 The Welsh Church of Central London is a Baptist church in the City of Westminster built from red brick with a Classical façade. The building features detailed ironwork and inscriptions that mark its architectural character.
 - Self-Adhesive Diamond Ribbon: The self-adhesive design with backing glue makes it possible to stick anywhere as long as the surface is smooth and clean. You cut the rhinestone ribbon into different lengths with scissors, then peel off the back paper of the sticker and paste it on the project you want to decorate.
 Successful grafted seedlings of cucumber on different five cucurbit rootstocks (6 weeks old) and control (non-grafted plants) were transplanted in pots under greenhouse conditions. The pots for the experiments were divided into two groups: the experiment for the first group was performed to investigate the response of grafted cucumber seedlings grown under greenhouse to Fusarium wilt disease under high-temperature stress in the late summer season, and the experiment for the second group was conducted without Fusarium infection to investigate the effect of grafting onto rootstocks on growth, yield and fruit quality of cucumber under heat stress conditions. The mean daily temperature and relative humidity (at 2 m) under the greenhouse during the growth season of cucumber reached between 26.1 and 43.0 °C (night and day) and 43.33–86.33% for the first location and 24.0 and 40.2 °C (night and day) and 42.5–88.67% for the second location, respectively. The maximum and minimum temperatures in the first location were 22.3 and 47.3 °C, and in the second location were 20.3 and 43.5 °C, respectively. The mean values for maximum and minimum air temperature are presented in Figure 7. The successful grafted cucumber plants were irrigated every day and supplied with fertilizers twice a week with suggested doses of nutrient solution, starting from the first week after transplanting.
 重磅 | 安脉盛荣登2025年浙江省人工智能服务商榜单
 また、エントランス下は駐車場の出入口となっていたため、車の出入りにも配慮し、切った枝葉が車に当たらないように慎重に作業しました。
*****
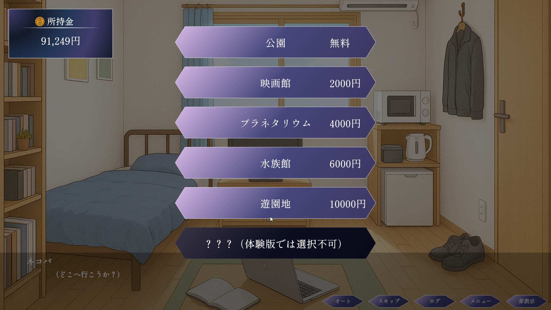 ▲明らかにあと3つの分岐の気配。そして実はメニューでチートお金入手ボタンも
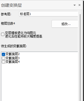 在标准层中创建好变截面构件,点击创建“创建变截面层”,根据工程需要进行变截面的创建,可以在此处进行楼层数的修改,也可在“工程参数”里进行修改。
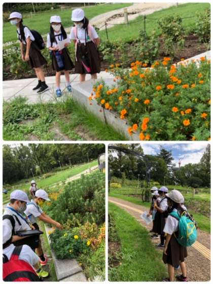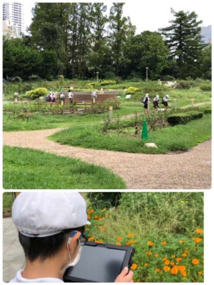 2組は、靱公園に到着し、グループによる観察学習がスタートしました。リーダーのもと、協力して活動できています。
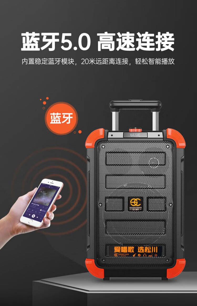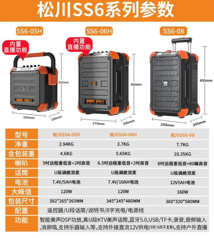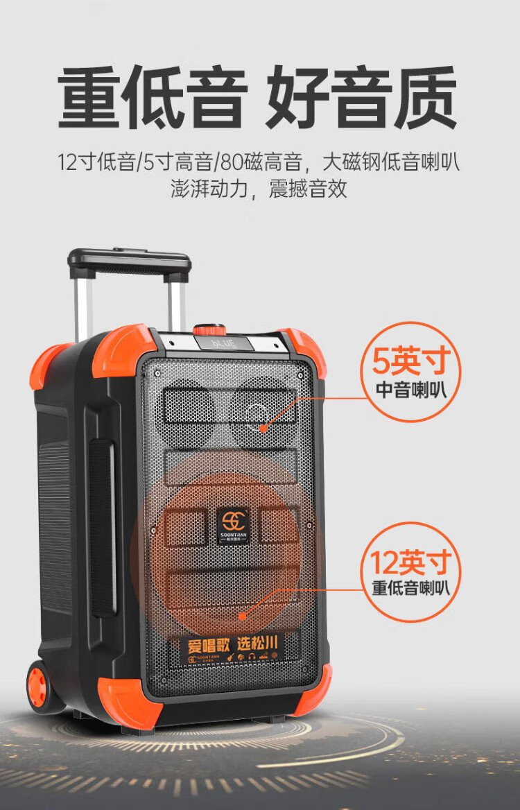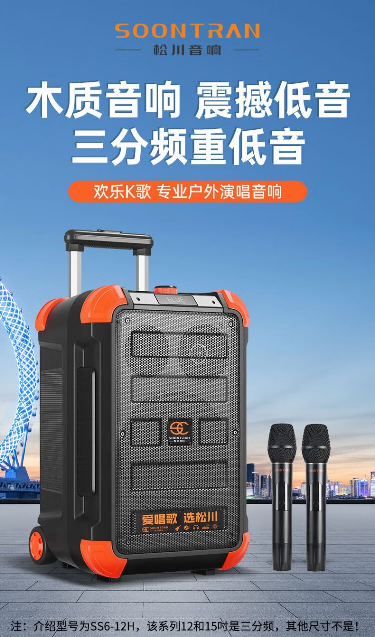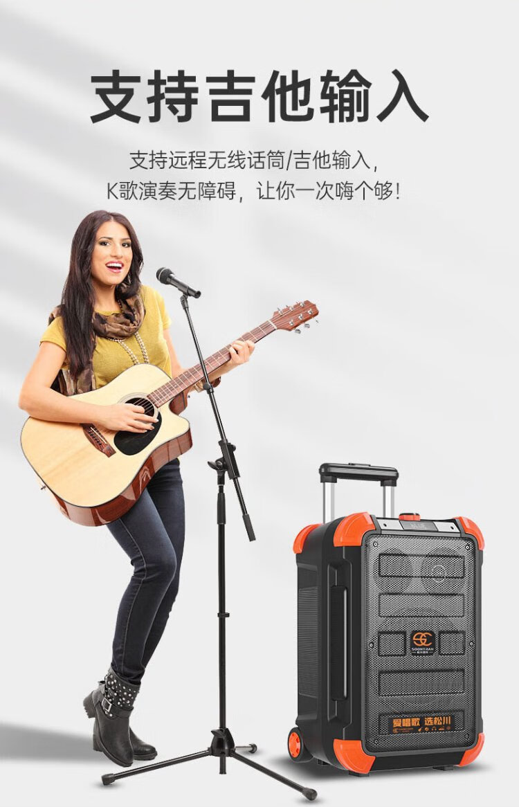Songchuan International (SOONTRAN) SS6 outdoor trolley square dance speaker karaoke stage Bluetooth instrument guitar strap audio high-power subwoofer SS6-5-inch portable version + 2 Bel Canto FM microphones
*****
= EXERCISE BRIEF =
Go to the line in the material above that contains "The Welsh Church" and copy exactly from there through the line that contains "また、エントランス下は駐車場", stopping after it.

= EXERCISE ANSWER =
 The Welsh Church of Central London is a Baptist church in the City of Westminster built from red brick with a Classical façade. The building features detailed ironwork and inscriptions that mark its architectural character.
 - Self-Adhesive Diamond Ribbon: The self-adhesive design with backing glue makes it possible to stick anywhere as long as the surface is smooth and clean. You cut the rhinestone ribbon into different lengths with scissors, then peel off the back paper of the sticker and paste it on the project you want to decorate.
 Successful grafted seedlings of cucumber on different five cucurbit rootstocks (6 weeks old) and control (non-grafted plants) were transplanted in pots under greenhouse conditions. The pots for the experiments were divided into two groups: the experiment for the first group was performed to investigate the response of grafted cucumber seedlings grown under greenhouse to Fusarium wilt disease under high-temperature stress in the late summer season, and the experiment for the second group was conducted without Fusarium infection to investigate the effect of grafting onto rootstocks on growth, yield and fruit quality of cucumber under heat stress conditions. The mean daily temperature and relative humidity (at 2 m) under the greenhouse during the growth season of cucumber reached between 26.1 and 43.0 °C (night and day) and 43.33–86.33% for the first location and 24.0 and 40.2 °C (night and day) and 42.5–88.67% for the second location, respectively. The maximum and minimum temperatures in the first location were 22.3 and 47.3 °C, and in the second location were 20.3 and 43.5 °C, respectively. The mean values for maximum and minimum air temperature are presented in Figure 7. The successful grafted cucumber plants were irrigated every day and supplied with fertilizers twice a week with suggested doses of nutrient solution, starting from the first week after transplanting.
 重磅 | 安脉盛荣登2025年浙江省人工智能服务商榜单
 また、エントランス下は駐車場の出入口となっていたため、車の出入りにも配慮し、切った枝葉が車に当たらないように慎重に作業しました。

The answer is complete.